По утверждению американских специалистов, в результате «перестроечной» волны эмиграции из СССР и «постперестроечной» из России, продолжающейся по настоящее время, в США собралась такая концентрация талантов, какой не было и в годы Второй мировой войны, когда в Америку бежали ученые со всей Европы.
А у нас тем временем гибнет материально-техническая база науки. В заброшенных лабораториях и цехах пропадают без ухода исследовательское оборудование, экспериментальные и опытно-производственные установки. Многое просто разворовывается. В несекретных и секретных архивах погребены, видимо уже навсегда, сотни тысяч отчетов 60-х – 70-х – 80-х годов. Могут сказать, что все они – зола отгоревших времен. Но в массе этой золы, подобно алмазам, скрывается немало мыслей и результатов, опередивших свою эпоху. Невоплощенных перспективных идей там больше, чем даже в фонде отклоненных заявок на изобретения. В совокупности с фондом – это богатство, несравнимое ни с какими запасами природных ископаемых. Ну и что? Просеивать, отбирать никто уже не станет. Невостребованный интеллект целого поколения сброшен в бесхозную яму, как на кладбище останки безымянного бомжа.
А книги? Бедствующие предприятия сдают под офисы арендаторов (хоть какой-то доход) помещения технических библиотек. Ценнейшие издания связками, штабелями сваливают в неприспособленные кладовки и подвалы, где они плесневеют и гниют.
Одно из самых горьких наблюдений за жизнью современной российской интеллигенции тоже связано с книгами. На углу Литейного проспекта и улицы Жуковского находится магазин «Старая техническая книга». Несколько лет назад, в середине 90-х, туда потоком тянулись инженеры и научные работники (многие уже – бывшие), чтобы сдать книги и хоть что-то на этом заработать. Тащили, сгибаясь под тяжестью рюкзаков и сумок, самое ценное свое имущество – научную литературу, скопленную за всю жизнь. Приезжали первыми поездами метро и занимали очередь на улице с шести утра, задолго до открытия.

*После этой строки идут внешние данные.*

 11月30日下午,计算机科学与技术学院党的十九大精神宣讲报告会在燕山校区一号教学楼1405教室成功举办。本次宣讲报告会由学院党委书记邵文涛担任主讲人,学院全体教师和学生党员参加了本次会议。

Особенно страдали зимой. Жались друг к дружке (в кромешной ночной темноте нынешнего зимнего Питера неуютно и страшно). Мерзли. Подпрыгивали, вытирая слезящиеся на морозе глаза. Мозг страны. Руки страны. Российская научно-техническая интеллигенция в самом конце XX века, в Петербурге-Ленинграде, который Сергей Киров, понимавший значение науки, называл когда-то «лабораторией страны». Те, кто выдумал для этих людей глупую и подлую кличку «образованщина», могли бы порадоваться, любуясь их крушением.
В 95-м – 96-м годах в этих очередях стояли и мои друзья. А потом не стало больше очередей. То ли книги кончились, то ли перестали их принимать. Из-за отсутствия спроса.

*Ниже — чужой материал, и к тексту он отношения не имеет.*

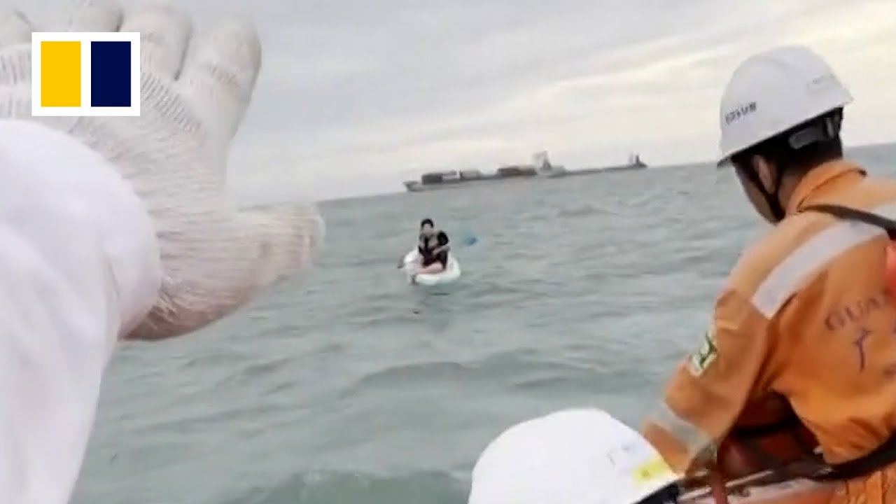 Video | Chinese boy rescued after drifting on paddleboard amid typhoon

Сейчас вообще разрушается вся традиционная, российская, самая надежная в мире инфраструктура знания, основанная на печатном слове. С началом реформ немедленно упал в десятки раз, как по количеству наименований, так и по объему тиражей, выпуск научно-технической литературы. Например, издательство «Наука» выпустило в 1990 году свыше 2 млн книг, а уже в 1992 году – всего 40 тыс. В последние годы крупные государственные издательства почти не издают научную литературу, частные – не издают ее совершенно. Такие издания считаются «некоммерческими». (На Западе научное и специальное книгоиздание – одна из самых прибыльных сфер издательского бизнеса, что вполне естественно при экономике наукоемких производств.)

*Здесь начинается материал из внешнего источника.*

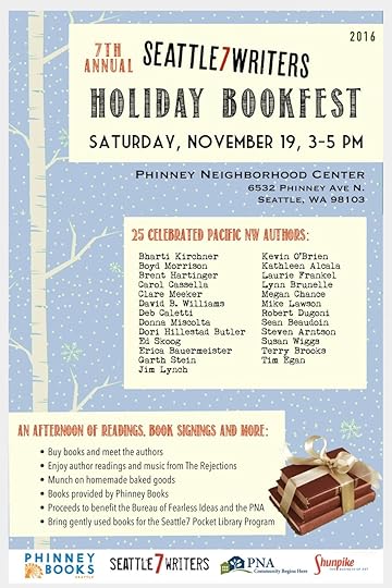 Hello everyone, this is just a quick shout-out to let you know that I'll be signing (and reading) at Seattle7 Writers Holiday Bookfest on November 19, 2016. This is a very fun event, with lots of authors, home-baked goods, and plenty of autographed books. A great way to fill your Christimas list--or your own personal "want" list! Be sure and save the date:

Правда, государственные и особенно частные издательства в больших количествах выпускают книги по всем отраслям экономики, финансов, управления – маркетинг, менеджмент, банковское дело, налоги и т. д. Но какая может быть экономика без материального производства? И еще: широким потоком выходят книги по компьютерам, их устройству и работе с ними. Но ведь при отсутствии книг по математике, физике, химии, электронике, новейшим технологическим процессам, на той компьютерной литературе, что есть, можно вырастить только пользователей иностранных компьютеров, а никак не создателей своих, отечественных. Даже по ситуации на книжном рынке видно, как далеко зашел процесс превращения России из «третьего Рима» в «третий мир».
А тиражи научно-популярных журналов к 1999 году упали по сравнению с 1989-м почти в сто раз: «Наука и жизнь» – с 3 000 000 до 32 000, «Знание – Сила» – с 400 000 до 6000, «Изобретатель и рационализатор» – с 480 000 до 6000. Так и быть, двукратное сокращение тиражей будем считать следствием распада Союза (хотя и это потери России, именно она была заинтересована в том, чтобы сохранить на территории СНГ единое и объединяющее информационное пространство, в котором доминировала бы). А уж все остальное падение – потери самой России в чистом виде. Наша интеллигенция лишается не только источников информации, но и возможностей для обмена мнениями, дискуссий, а значит, для единения и влияния на жизнь своей страны.
Мне могут возразить: журналы – это подписные издания. Раз катятся вниз тиражи, значит, нет спроса. Верно, только с одним уточнением: нет платежеспособного спроса. Может ли инженер омертвевшего НПО, получающий в месяц рублей 400–500 (весна 1999 г.) и то с задержками, для которого обыкновенная зубная пломба, не говоря уж о коронке, становится неразрешимой финансовой проблемой, истратить 150–160 рублей на полугодовую подписку научно-популярного журнала? Конечно, не может.
Приходится слышать и иные возражения: научные книги, журналы – это вчерашний день в эпоху компьютеров, компакт-дисков, Интернета. Но, во-первых, многие ли из нищих российских интеллигентов могут купить себе компьютер, да еще приобретать компакт-диски и платить за выход в Интернет? А во-вторых (при других обстоятельствах это было бы «во-первых»), тот же Интернет – великолепный справочник, информатор, почтальон, необъятное рабочее поле для профессионала. Но ни он, ни компакт-диски не смогут, – по крайней мере, в настоящее время и в обозримом будущем, – стать, например, для студента таким же источником знаний и воспитателем, как научная книга, а для сложившегося специалиста – таким же собеседником, как научный журнал.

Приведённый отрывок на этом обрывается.